■ AIM OF THE TASK: Output all of the records word for word and drop the images.

■ RECORDS SUPPLIED:

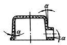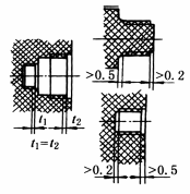 零件的壁与底部的厚度应均匀或尽量平缓过渡,厚薄悬殊或突变,将引起收缩不一致,产生气泡、凹陷或变形 对于热固性塑料壁厚过渡比,模压时为1∶3,挤压时为1∶5,热塑性塑料为1∶(1.5~2) |
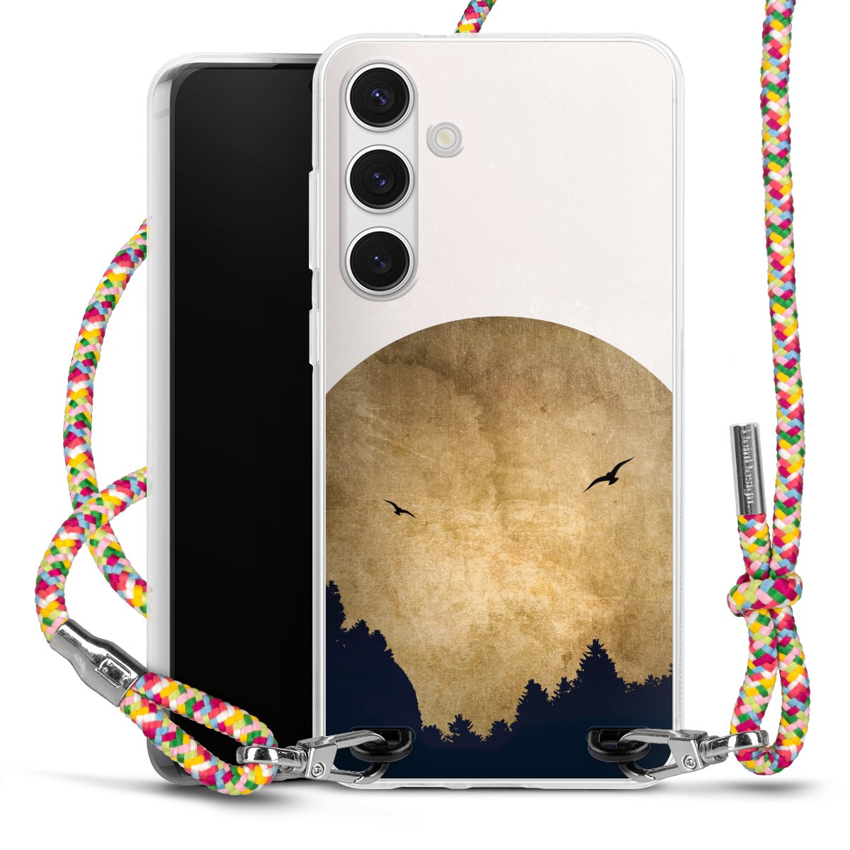 The flexible case is made from a highquality TPU material (thermoplastic Polyurethan). Thanks to its longlasting and break resistant characterisitcs, the case is flexible yet consistent in form and has a great grip and feel. The textile strap made from Polyester gives a chic yet casual accent allowing you to carry your phone like a bag or necklace - a practical gadget perfect for your next adventure. The textile strap is about 1.70 meters long and the length can easily be adjusted through the knots. Our Carry Case is available in Colourful, Mint-Camouflage, Very-Berry, Sahara-Sand and Sparkling-Neon. The ends of the textile strap are covered with metallic end caps to protect them against fraying.
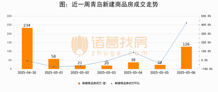 【青岛成交日报】05月06日新房成交126套、二手房300套;涨价房源1套
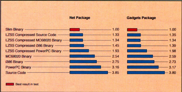 Juice-кодом. Взгляните на результаты тестов, которые проводились для двух наиболее объемных пакетов системы Oberon: это Gadgets (пользовательский интерфейс; 2,3 Мбайт исходного текста) и Net (сетевые функции, 0,7 Мбайт). На диаграмме указан приведенный размер кода.
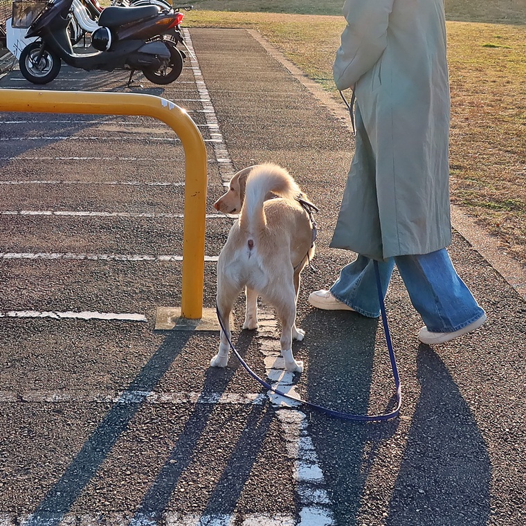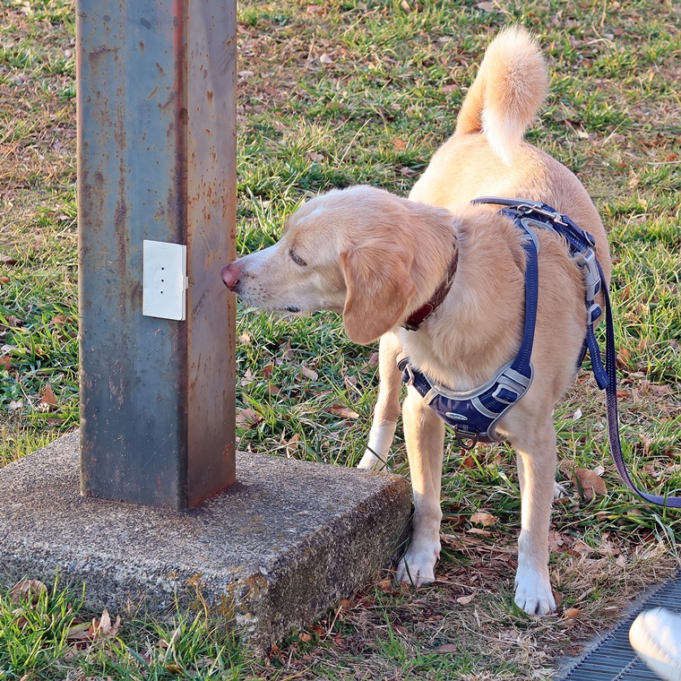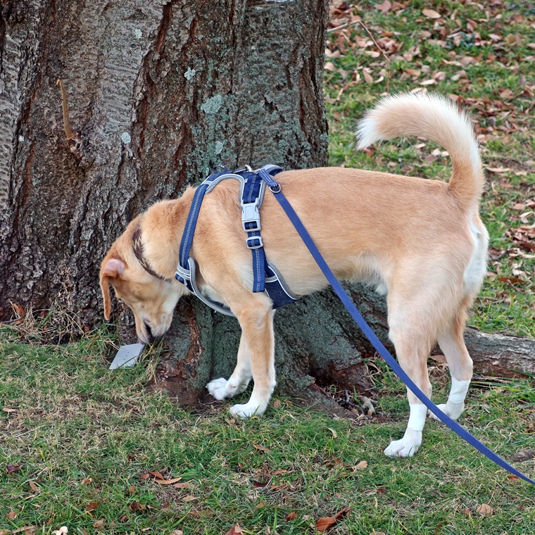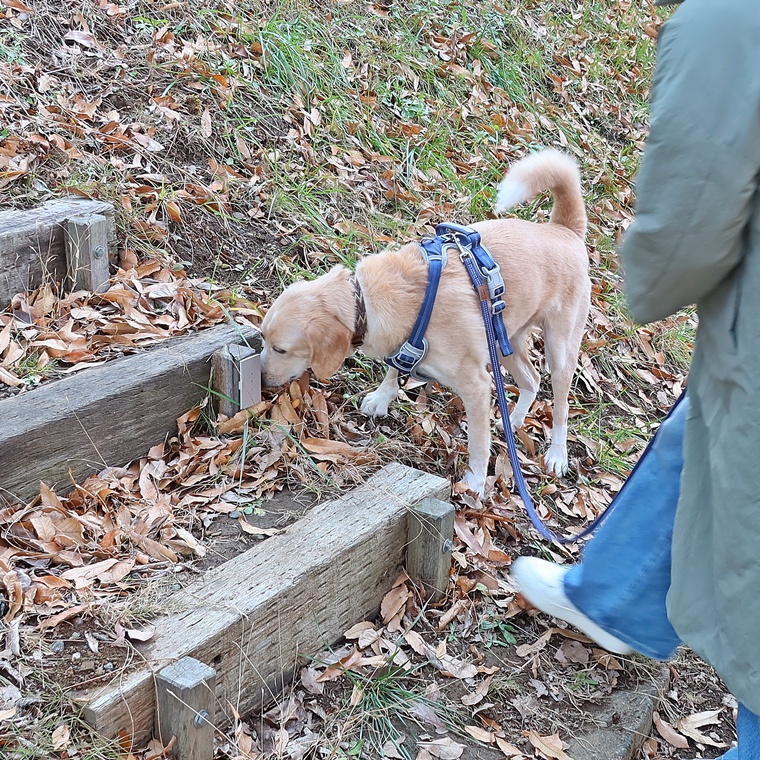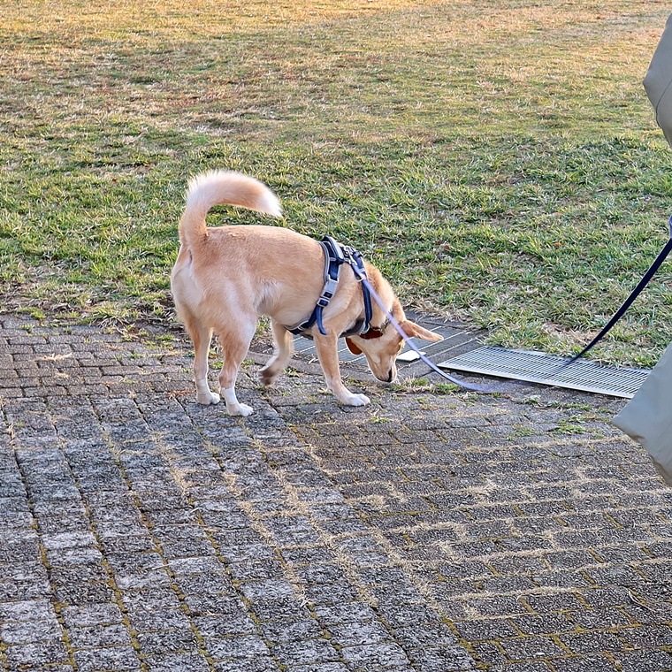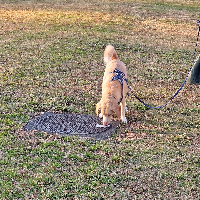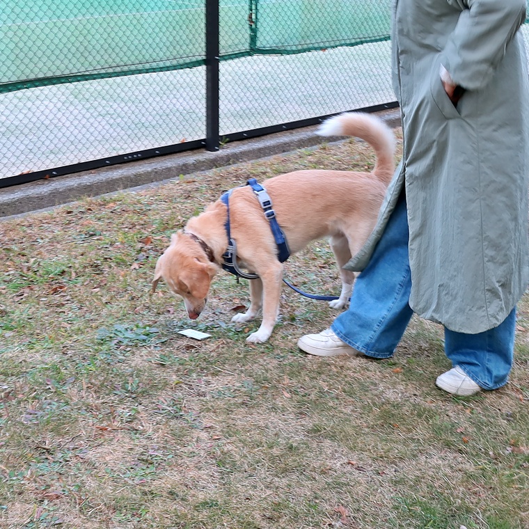 今日のコール君のノーズワークパーソナルレッスンは、アウトドアでのシチュエーションごとのステップアップセッションを行いました。

■ ANSWER TO THE EXERCISE:
 零件的壁与底部的厚度应均匀或尽量平缓过渡,厚薄悬殊或突变,将引起收缩不一致,产生气泡、凹陷或变形 对于热固性塑料壁厚过渡比,模压时为1∶3,挤压时为1∶5,热塑性塑料为1∶(1.5~2) |
 The flexible case is made from a highquality TPU material (thermoplastic Polyurethan). Thanks to its longlasting and break resistant characterisitcs, the case is flexible yet consistent in form and has a great grip and feel. The textile strap made from Polyester gives a chic yet casual accent allowing you to carry your phone like a bag or necklace - a practical gadget perfect for your next adventure. The textile strap is about 1.70 meters long and the length can easily be adjusted through the knots. Our Carry Case is available in Colourful, Mint-Camouflage, Very-Berry, Sahara-Sand and Sparkling-Neon. The ends of the textile strap are covered with metallic end caps to protect them against fraying.
 【青岛成交日报】05月06日新房成交126套、二手房300套;涨价房源1套
 Juice-кодом. Взгляните на результаты тестов, которые проводились для двух наиболее объемных пакетов системы Oberon: это Gadgets (пользовательский интерфейс; 2,3 Мбайт исходного текста) и Net (сетевые функции, 0,7 Мбайт). На диаграмме указан приведенный размер кода.
 今日のコール君のノーズワークパーソナルレッスンは、アウトドアでのシチュエーションごとのステップアップセッションを行いました。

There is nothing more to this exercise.